October 17, 1988 | Vintage Insatiable

Huberts: Brain Food

          This is a belated greeting to Huberts in its newest, grand incarnation. I’ve been brooding for months, trying to decide why I am the only critic in town who’s not in love with chef Len Allison’s intellectual cuisine—his Oriental, Cajun, Mexican, Polish borrowings. Even intellectually, I’m not all that amused.

          My fingers yearn for chopsticks as I contemplate the house’s offering tonight -- soy-and-sesame-scented cabbage. The fluttering of shiso leaves, the trail of miso and wasabi, the strings of daikon -- all distract more often than they enhance.
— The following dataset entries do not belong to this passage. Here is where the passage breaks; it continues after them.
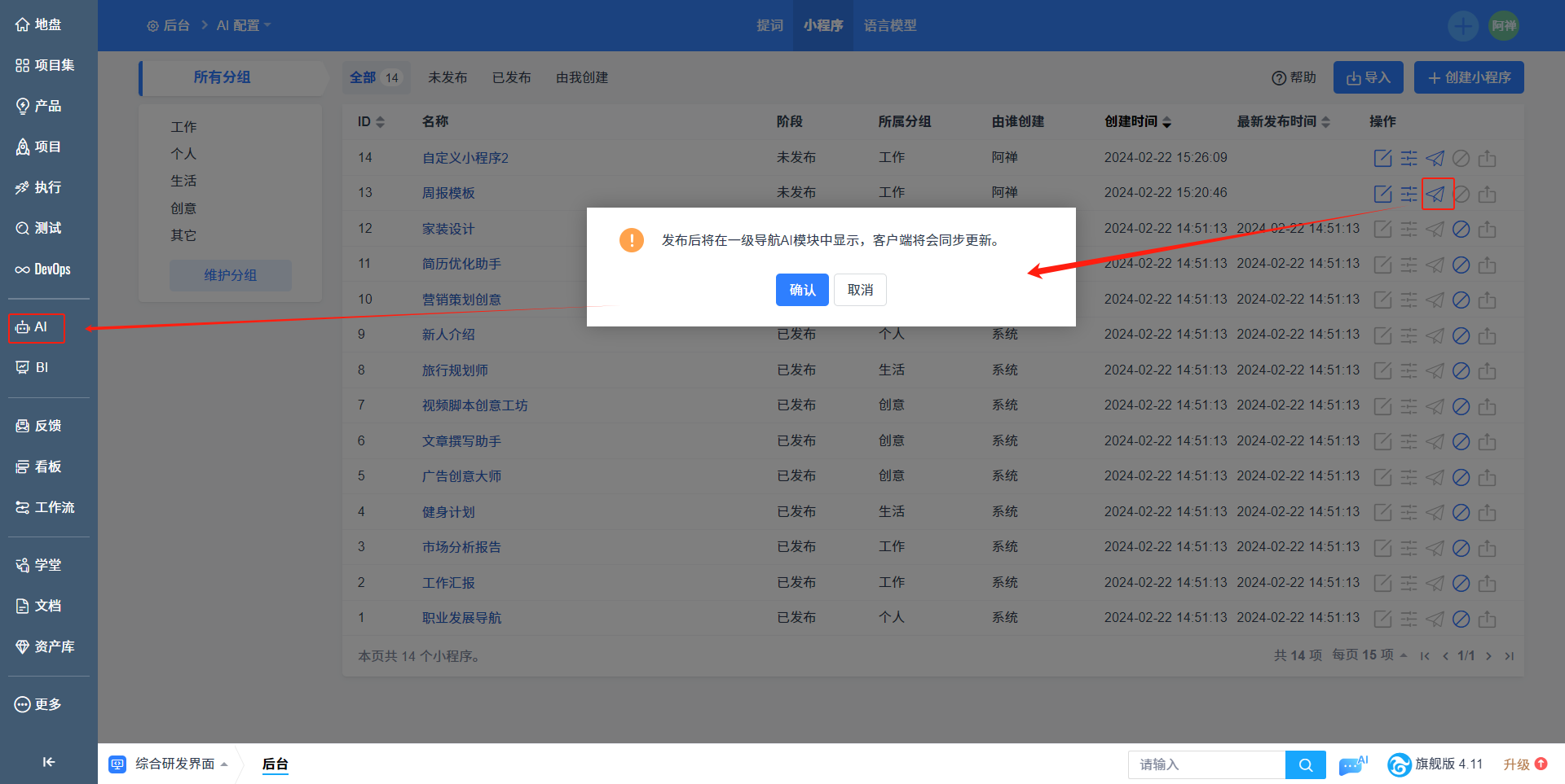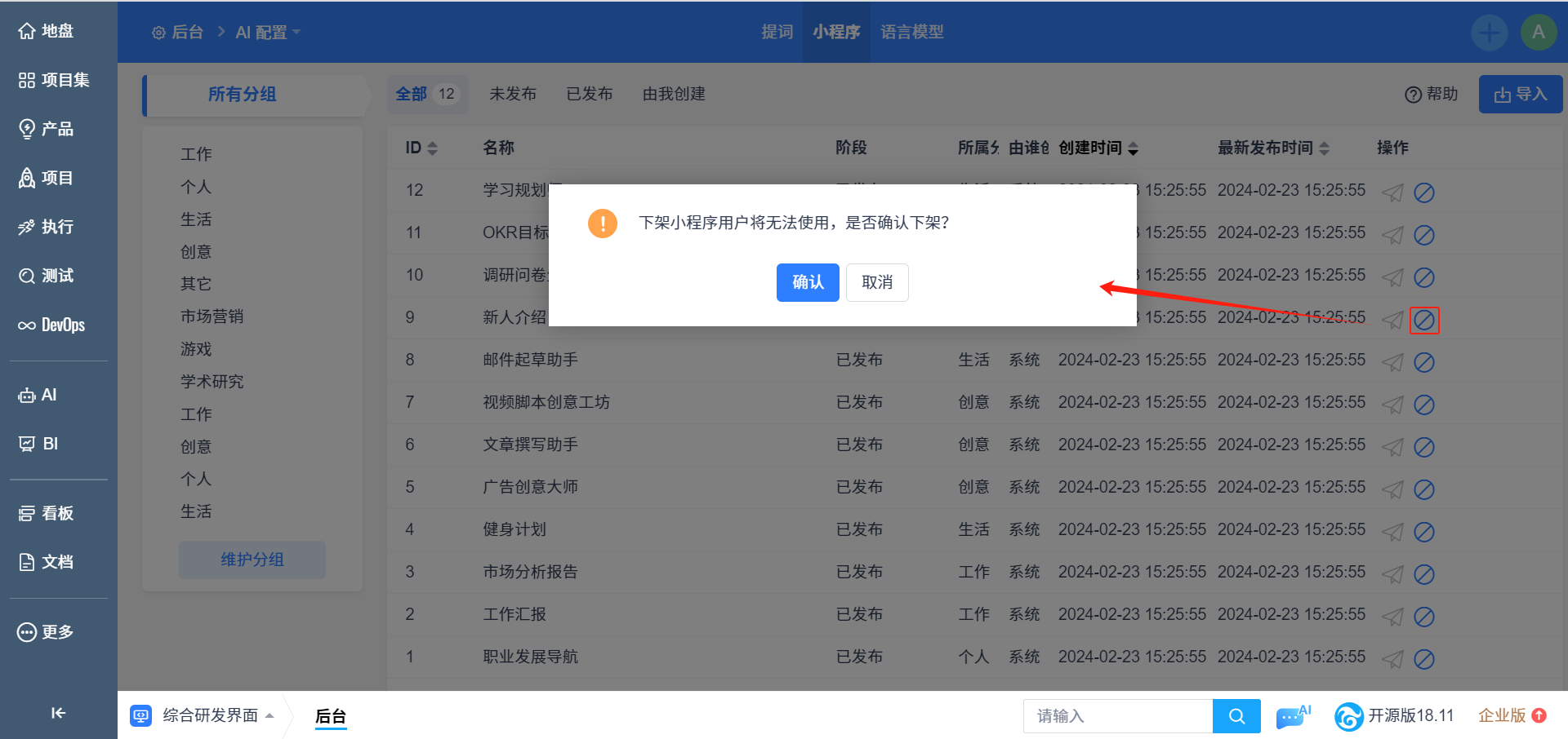 1. 在禅道開源版中,系统将会内置12个内置小程序,默认发布,管理员可以禁用或再次发布AI小程序。
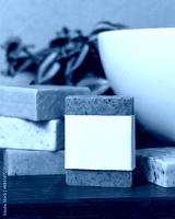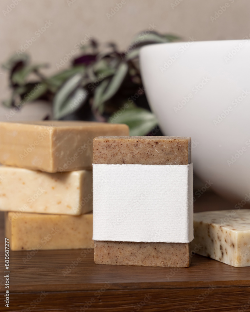 Soap bar with blank label near green plant and vessel basin on wood in bathroom, mockup
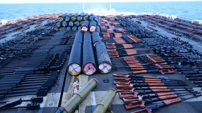 美國《海軍時(shí)報(bào)》5月9日援引美聯(lián)社的報(bào)道稱,一名美國國防部官員表示,美國海軍的初步調(diào)查后發(fā)現(xiàn)這艘船來自伊朗。美方人員登船后,在甲板下方發(fā)現(xiàn)了用綠色塑料袋包裹的武器,其中包括3000支突擊步槍、數(shù)百把重型機(jī)槍和狙擊步槍。
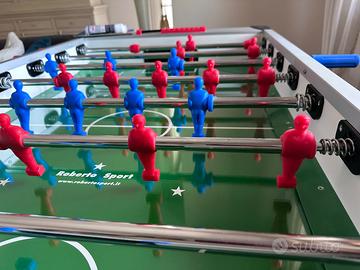 Marchio Roberto Sport Colore Grigio Materiale Legno ingegnerizzato Ferro Dimensioni del prodotto 134L x 110l x 90H cm Sport Calcio Peso articolo 143,3 Libbre Il calcio balilla Game - uno dei modelli di gioco libero più robusti e solidi disponibili Ideale per l'uso domestico e progettato per tutte le età Prodotto con materiali di alta qualità con una superficie in MDF spessa 20 mm progettata per resistere alle partite più competitive Il tavolo include gambe in ferro solido con piedini in plastica antiscivolo per garantire una superficie di gioco solida e stabile durante il gioco Il tavolo viene fornito con figure blu e rosse, include un sistema di punteggio su entrambe le estremità ed è fornito con 10 palline di serie e relativo telo di copertura
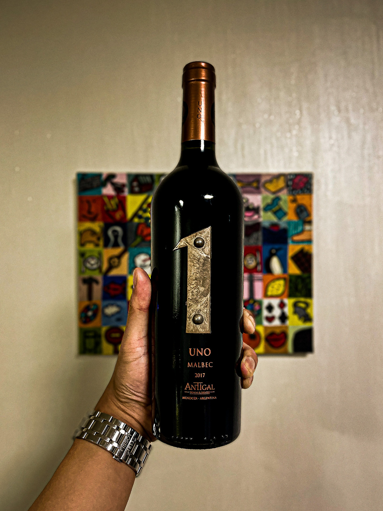 하지만 지금까지 자주 집어 들 수 있었던 가벼운 스타일의 Malbec(말벡)은 기억에서 생각보다 더 가벼웠고 이미지가 겹치기엔 너무 편안했다. Malbec(말벡)의 이미지는, 그렇게 ‘안티갈의 우노'를 만나기 전까지 하나의 고정된 느낌으로 굳혀지고 있었다. 오크통에 둘러진 금속 테두리를 가공할 생각을 하다니, 그것만으로도 인상적이다. 스테인리스, 강철의 숫자 1이 시선을 강탈한다. 이런 방식의 디자인은 여태껏 본 적 없다. 파격적인 디자인을 선도하는 건, 주로 스페인의 몫이라고만 생각하던 찰나에 진열된 수많은 와인 보틀 사이에서 [UNO]를 오랫동안 지켜봤다.
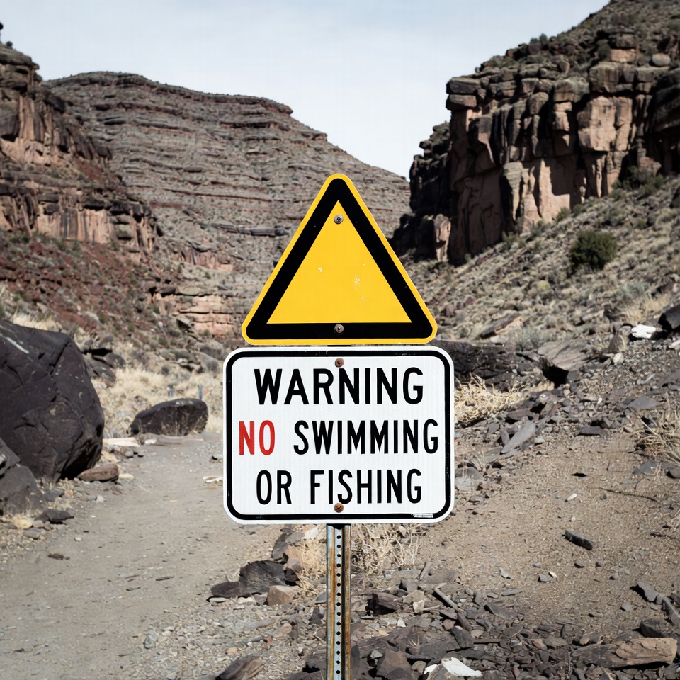 area, canyon, caution, desert, dirt path, dry, hiking, landscape, nature, no fishing, no swimming, outdoor, restrictions, rocks, rules, safety, sign, terrain, travel, warning
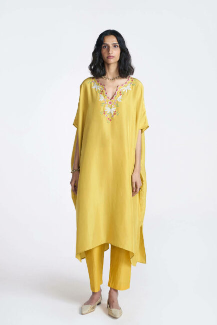 Yellow Embroidered Silk Kaftan Set
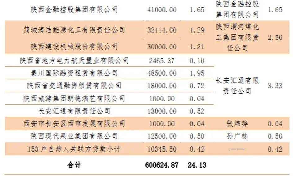 从今年数据来看,秦农农商行已发布多起重大关联交易公告,全部关联方的授信余额超过100亿元。
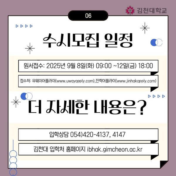 최은진 기자 news@dhinsight.co.kr 전체 < 기사목록 - SNS 기사보내기 페이스북(으)로 기사보내기 트위터(으)로 기사보내기 네이버블로그(으)로 기사보내기 URL복사(으)로 기사보내기 기사스크랩하기 다른 공유 찾기 현재위치 [수시모집] 입력 2025.08.31 12:07 댓글 0 인쇄 본문 글씨 키우기 가 본문 글씨 줄이기
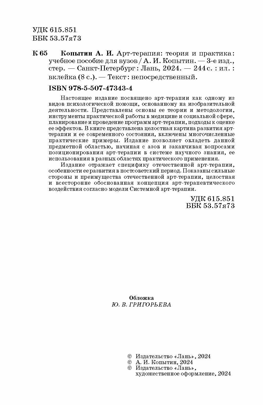 Сервис сравнения цен СкидкаГИД предлагает сравнить цены на товар «Книга: Арт-терапия. Теория и практика (Александр Иванович Копытин); Издательство ЛАНЬ, 2023»
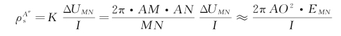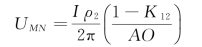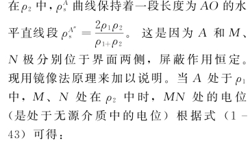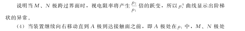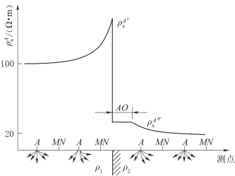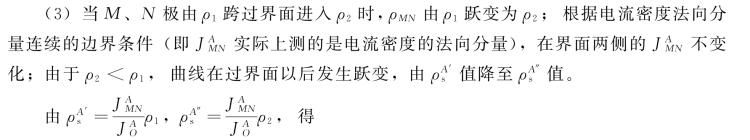 (1)当装置距离接触面很远(实际上只要大于2AO就可算很远了)时,界面的影响可以忽略,地中电流的分布与只有ρ1岩石时的均匀介质相同。由式(1-47)写出这时的视电阻率:
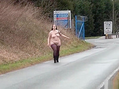 Corpulent non-professional flasher Emmas public exhibitionism of voyeur big beautiful woman
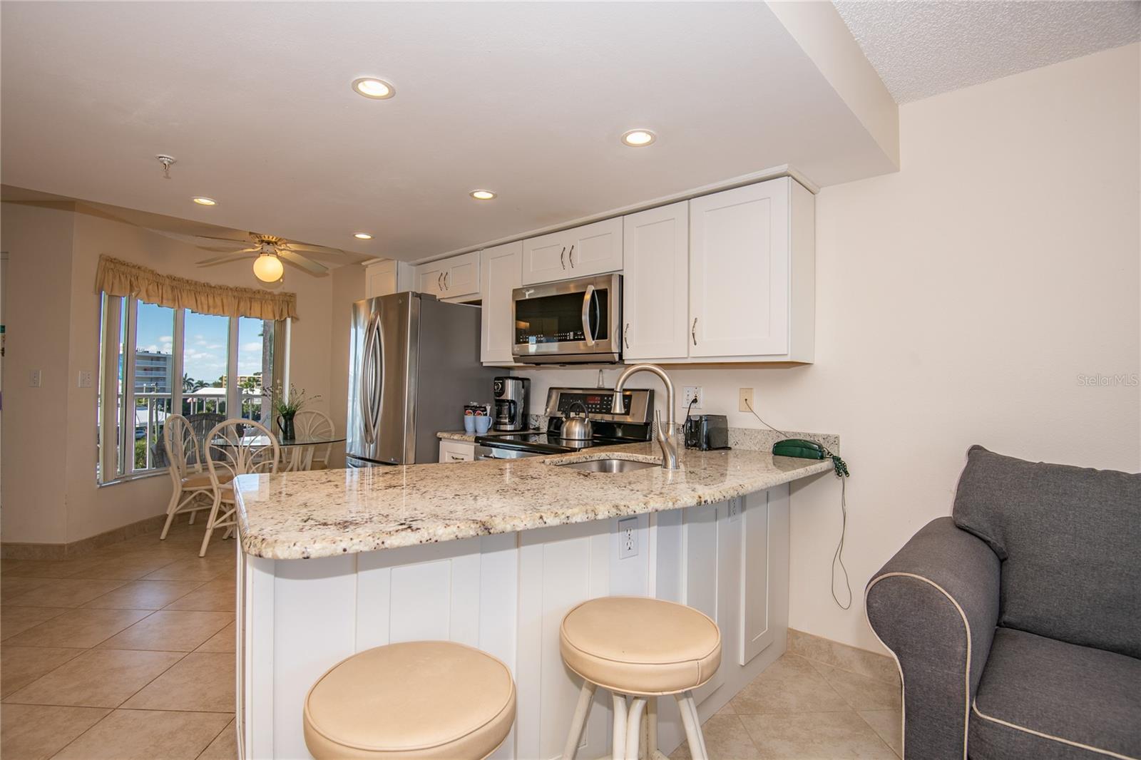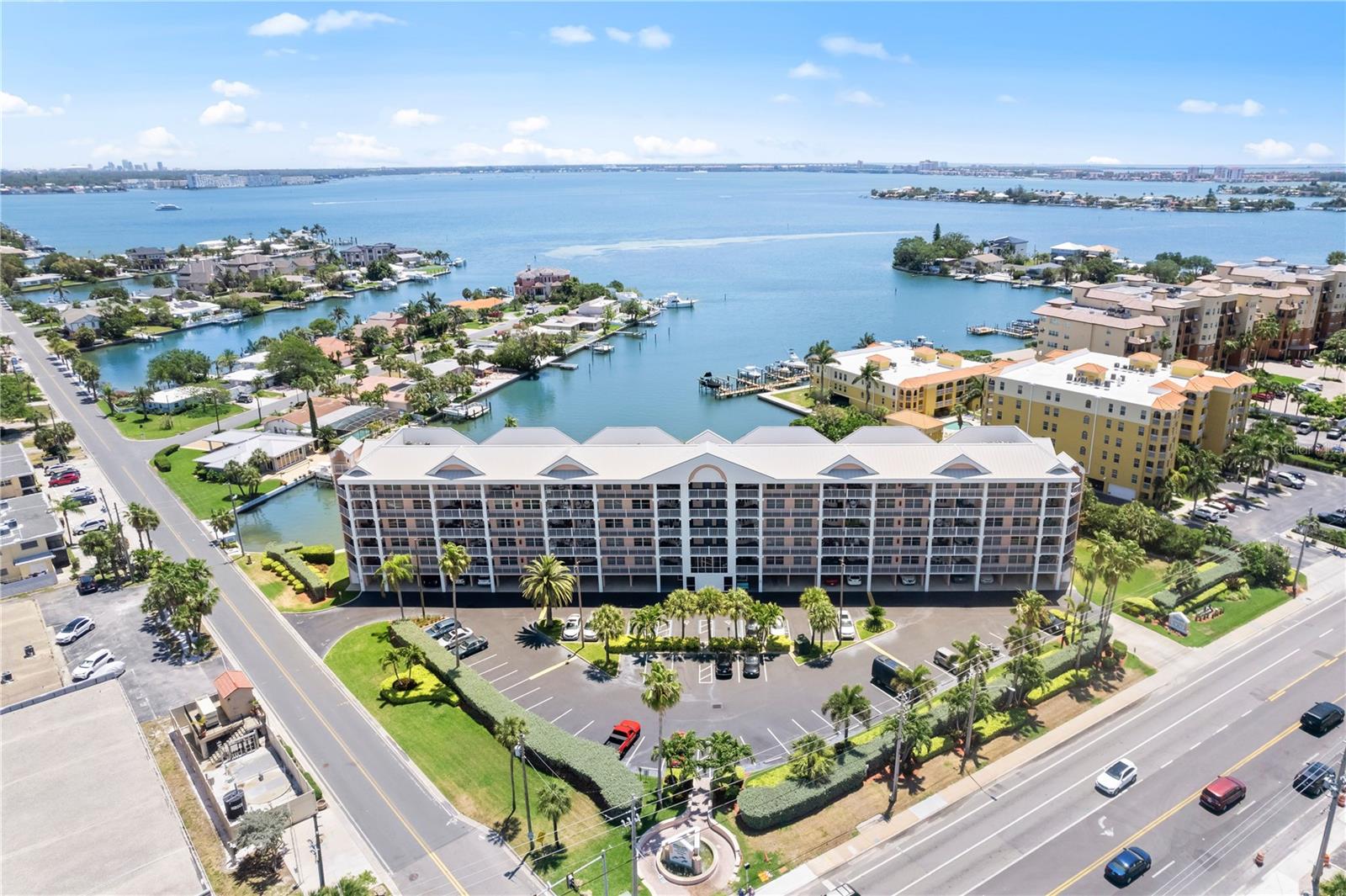Sunrise units are RARELY available for sale! In fact, only four have sold in the last three years! This is your chance to own a 5th floor unit with a coveted and hard-to-come by under-building parking space! At ‘The Sunrise’ you are nestled between the beach and the bay and surrounded by water and a host of things to do! As such, the Resort is a favorite spot for visitors who want more than just a hotel room! At Sunrise, they get MUCH MORE! That is why the property enjoys so many return visitors and the resulting great income! For the first four months of 2025, this unit earned $30,700 in rental income, with an average nightly rate of $304! For 2024, the current Owner enjoyed just over $60K in rental income! Sunrise Resort is a LEGAL & LUCRATIVE 3-night minimum vacation rental property located on the Intracoastal side of the island with lovely views of Boca Ciega Bay looking out toward the Intracoastal Waterway. It is also directly across the street from the powdery sands of St. Pete Beach, which has been consistently voted in the top five beaches in the United States AND #1 in the USA for 2021! For those of us familiar with it, this is no wonder. The sand is startling white and soft; the Gulf waters are warm; and the sun shines almost every day. What's not to love! At six stories, Sunrise is a mid-rise building with only 58 units in total, all of which have water views. From the ample balcony, you have a view of the bay where you will LOVE the sunrise sky, as it explodes in a cascade of colors across the horizon! This tranquil spot is perfect for spying families of manatees who frequent the warm waters of our bay while you enjoy your morning tea/coffee or evening al fresco meals and cocktails. But the fabulous views to the east are not the only show in town! The views from the front windows and breezeway across Gulf Blvd to the west, gaze to the horizon and offer a window to world class sunsets! Indeed, there are many world-class perks to enjoy on this lovely island, from great restaurants to fun beach bar venues and other fabulous offerings, such as the Spa Oceana at the world-famous Don CeSar Resort. The Sunrise amenities include a lighted tennis/pickle ball court, fishing dock, BBQ area, shuffleboard and beautiful resort-style heated pool and spa. There is so much to do here besides the beach. However, the beach IS THE MAIN ATTRACTION! When you are in need of the sensation of that pristine, white sand between your toes, you need only to walk across the street at the lighted crosswalk and enjoy a short stroll to the beach. Soak up the sun. Frolic in the water. Rent a jet ski! Or take advantage of the many fabulous local hotels where you can dine, enjoy the perfect beach cocktail or listen to live music! Rent a cabana and chill on the beach or go crazy and try parasailing! And, after a hard day at the beach, or poolside, your Sunrise Condominium will welcome you and yours home. Unit 505 has enjoyed a significant remodel. The kitchen and baths feature white, shaker-style cabinetry with 3cm granite countertops. The home comes fully furnished as a lucrative turnkey vacation rental. Come see what all the fuss is about. Perhaps it is time you joined the Sunrise family!

The celebrated mole of the beloved rabbit sausages seems a sandy mash to me. And the red-eyed rabbit carved from a green apple, with its teeny turned carrot, is a cutesy conceit I liked better in the small tearoom Huberts abandoned downtown for these uppity digs.

          But the card-carrying arbiters of taste are positively gaga about the place, stars tumbling from their forks, three and four at a time. Mine is the minority carp.

          There has never been a better moment for genius and innovation in the American kitchen. True, New Yorkers are a bit snarly about high prices. (And the dinner prix fixe is $60 here, plus an automatic 18 percent service charge; $37.50 and $47.50 at lunch.) But still we come, loaded with plastic, more sophisticated than ever, elevating gifted chefs to celebrity Valhalla. And it’s exciting to watch home talent grow, to chart the trek of Karen Hubert and her chef-husband from Brooklyn to Gramercy Park to this plush, shimmering Japanese temple on Park.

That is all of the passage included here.